> WORK INSTRUCTIONS
Would you output the entries below only from the line containing "iFlight Polyester Batteristropp" through the line containing "海斯迪克 玻璃广口试剂瓶 HKCL-261 透明 500ml 1个", exactly as they stand and with both ends included?

> MATERIAL TO PROCESS
━━━━

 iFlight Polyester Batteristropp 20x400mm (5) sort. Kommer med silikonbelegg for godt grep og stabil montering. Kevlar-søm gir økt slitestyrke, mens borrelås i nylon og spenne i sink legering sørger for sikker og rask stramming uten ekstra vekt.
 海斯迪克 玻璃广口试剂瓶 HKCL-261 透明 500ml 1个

━━━━

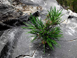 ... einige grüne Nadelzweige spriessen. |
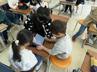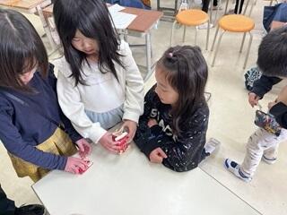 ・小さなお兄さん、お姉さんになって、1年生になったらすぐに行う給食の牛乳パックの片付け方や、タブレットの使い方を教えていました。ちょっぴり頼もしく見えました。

━━━━

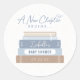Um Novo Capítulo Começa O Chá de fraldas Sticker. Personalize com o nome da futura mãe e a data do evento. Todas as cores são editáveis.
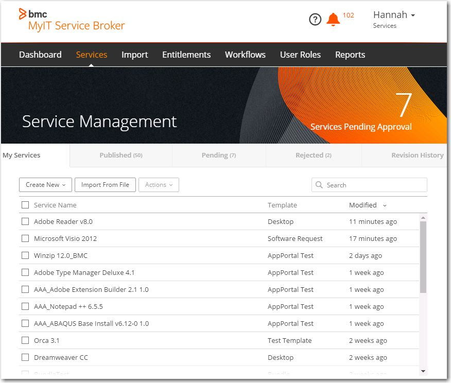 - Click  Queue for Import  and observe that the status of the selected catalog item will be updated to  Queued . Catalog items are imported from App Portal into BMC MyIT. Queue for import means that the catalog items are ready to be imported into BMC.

━━━━

> WRITTEN SOLUTION
 iFlight Polyester Batteristropp 20x400mm (5) sort. Kommer med silikonbelegg for godt grep og stabil montering. Kevlar-søm gir økt slitestyrke, mens borrelås i nylon og spenne i sink legering sørger for sikker og rask stramming uten ekstra vekt.
 海斯迪克 玻璃广口试剂瓶 HKCL-261 透明 500ml 1个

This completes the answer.